▶ _REQUIRED WORK_
Without its pictures, the listing below is to be transcribed exactly.

▶ _EXCERPTED RECORDS_
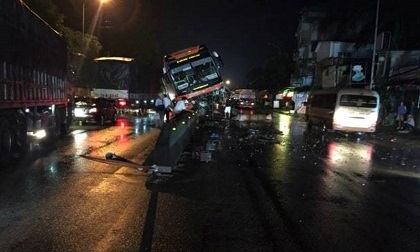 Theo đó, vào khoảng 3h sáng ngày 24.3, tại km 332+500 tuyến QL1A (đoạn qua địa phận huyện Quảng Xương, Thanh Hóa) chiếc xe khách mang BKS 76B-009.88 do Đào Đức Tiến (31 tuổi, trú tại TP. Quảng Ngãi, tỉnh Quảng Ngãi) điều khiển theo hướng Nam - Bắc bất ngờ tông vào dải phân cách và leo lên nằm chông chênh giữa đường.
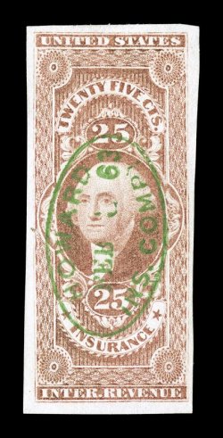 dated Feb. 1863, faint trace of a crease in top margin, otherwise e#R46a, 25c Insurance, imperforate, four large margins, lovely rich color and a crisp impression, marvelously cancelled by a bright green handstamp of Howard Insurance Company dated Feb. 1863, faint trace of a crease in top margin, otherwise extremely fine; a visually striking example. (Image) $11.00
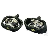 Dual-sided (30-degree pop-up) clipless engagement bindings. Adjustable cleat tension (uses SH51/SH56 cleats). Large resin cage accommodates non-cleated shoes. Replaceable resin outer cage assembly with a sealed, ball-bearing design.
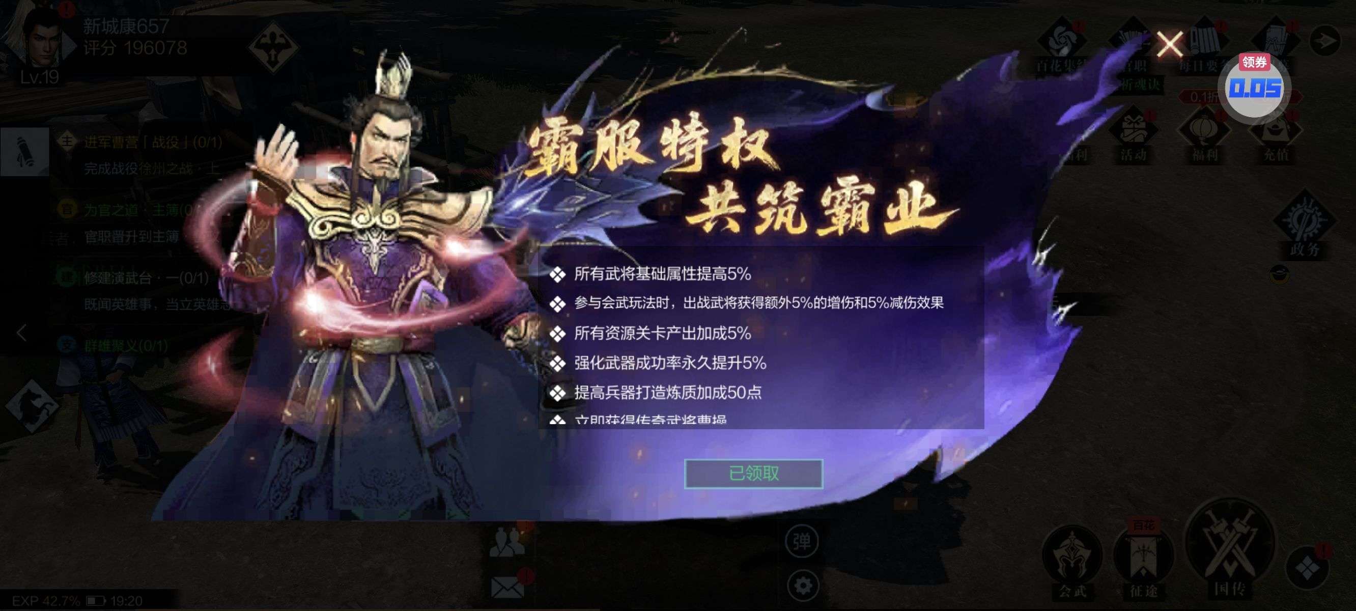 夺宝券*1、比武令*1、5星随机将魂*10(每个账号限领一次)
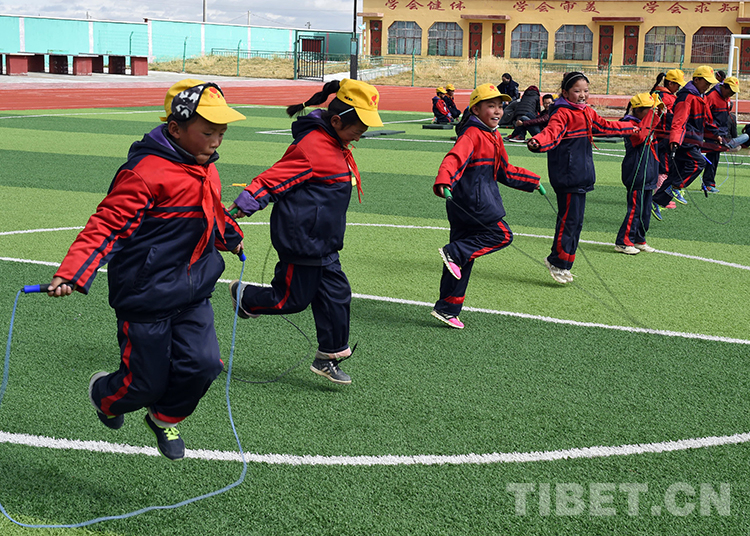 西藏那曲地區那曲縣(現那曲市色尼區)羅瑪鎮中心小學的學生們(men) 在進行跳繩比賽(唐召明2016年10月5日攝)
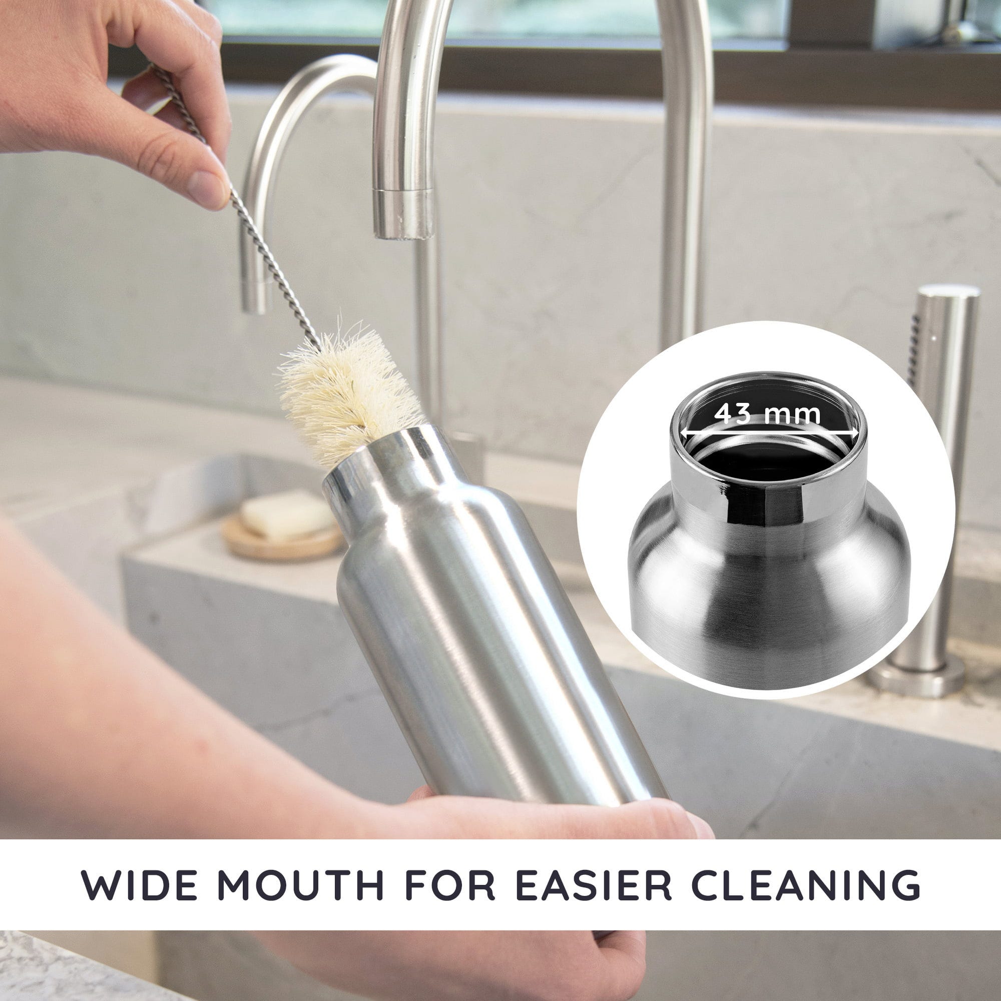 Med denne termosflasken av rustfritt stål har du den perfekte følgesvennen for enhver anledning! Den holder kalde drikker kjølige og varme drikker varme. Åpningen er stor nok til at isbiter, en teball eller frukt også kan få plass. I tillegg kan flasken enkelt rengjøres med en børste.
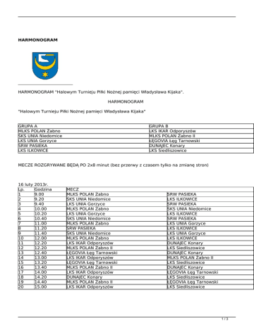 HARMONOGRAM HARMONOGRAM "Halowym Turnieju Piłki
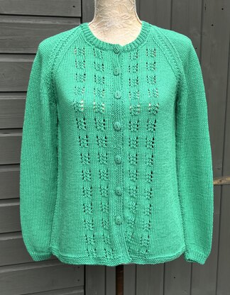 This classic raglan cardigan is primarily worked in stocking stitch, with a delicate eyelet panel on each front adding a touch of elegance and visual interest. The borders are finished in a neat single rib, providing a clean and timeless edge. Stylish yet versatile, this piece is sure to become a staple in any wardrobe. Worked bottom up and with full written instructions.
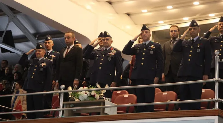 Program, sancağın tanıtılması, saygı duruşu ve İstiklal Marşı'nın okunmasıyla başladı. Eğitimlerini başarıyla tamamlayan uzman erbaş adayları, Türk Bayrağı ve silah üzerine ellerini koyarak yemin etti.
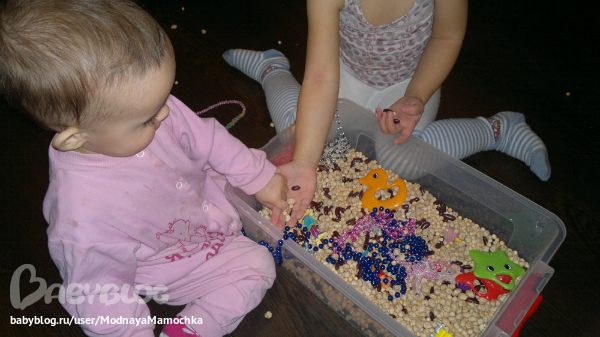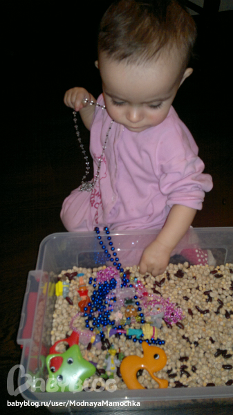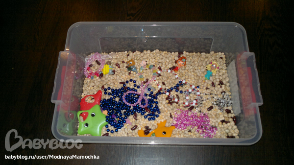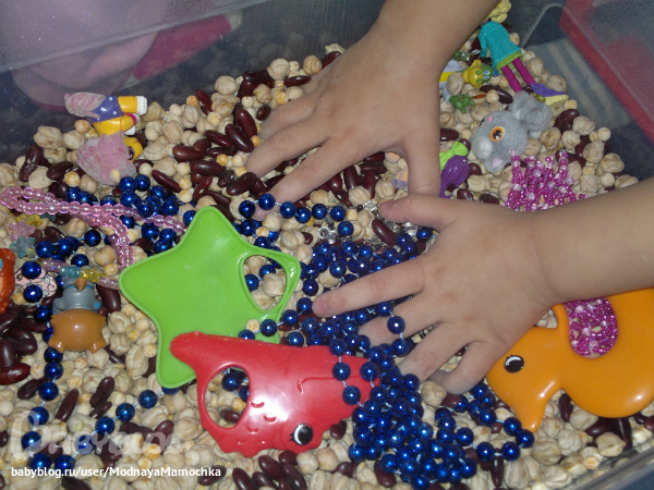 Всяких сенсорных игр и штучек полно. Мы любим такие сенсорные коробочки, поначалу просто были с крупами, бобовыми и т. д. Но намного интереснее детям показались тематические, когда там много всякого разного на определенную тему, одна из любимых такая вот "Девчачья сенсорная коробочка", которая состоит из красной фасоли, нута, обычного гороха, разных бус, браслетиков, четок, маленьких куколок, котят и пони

▶ _COMPLETED TASK_
 Theo đó, vào khoảng 3h sáng ngày 24.3, tại km 332+500 tuyến QL1A (đoạn qua địa phận huyện Quảng Xương, Thanh Hóa) chiếc xe khách mang BKS 76B-009.88 do Đào Đức Tiến (31 tuổi, trú tại TP. Quảng Ngãi, tỉnh Quảng Ngãi) điều khiển theo hướng Nam - Bắc bất ngờ tông vào dải phân cách và leo lên nằm chông chênh giữa đường.
 dated Feb. 1863, faint trace of a crease in top margin, otherwise e#R46a, 25c Insurance, imperforate, four large margins, lovely rich color and a crisp impression, marvelously cancelled by a bright green handstamp of Howard Insurance Company dated Feb. 1863, faint trace of a crease in top margin, otherwise extremely fine; a visually striking example. (Image) $11.00
 Dual-sided (30-degree pop-up) clipless engagement bindings. Adjustable cleat tension (uses SH51/SH56 cleats). Large resin cage accommodates non-cleated shoes. Replaceable resin outer cage assembly with a sealed, ball-bearing design.
 夺宝券*1、比武令*1、5星随机将魂*10(每个账号限领一次)
 西藏那曲地區那曲縣(現那曲市色尼區)羅瑪鎮中心小學的學生們(men) 在進行跳繩比賽(唐召明2016年10月5日攝)
 Med denne termosflasken av rustfritt stål har du den perfekte følgesvennen for enhver anledning! Den holder kalde drikker kjølige og varme drikker varme. Åpningen er stor nok til at isbiter, en teball eller frukt også kan få plass. I tillegg kan flasken enkelt rengjøres med en børste.
 HARMONOGRAM HARMONOGRAM "Halowym Turnieju Piłki
 This classic raglan cardigan is primarily worked in stocking stitch, with a delicate eyelet panel on each front adding a touch of elegance and visual interest. The borders are finished in a neat single rib, providing a clean and timeless edge. Stylish yet versatile, this piece is sure to become a staple in any wardrobe. Worked bottom up and with full written instructions.
 Program, sancağın tanıtılması, saygı duruşu ve İstiklal Marşı'nın okunmasıyla başladı. Eğitimlerini başarıyla tamamlayan uzman erbaş adayları, Türk Bayrağı ve silah üzerine ellerini koyarak yemin etti.
 Всяких сенсорных игр и штучек полно. Мы любим такие сенсорные коробочки, поначалу просто были с крупами, бобовыми и т. д. Но намного интереснее детям показались тематические, когда там много всякого разного на определенную тему, одна из любимых такая вот "Девчачья сенсорная коробочка", которая состоит из красной фасоли, нута, обычного гороха, разных бус, браслетиков, четок, маленьких куколок, котят и пони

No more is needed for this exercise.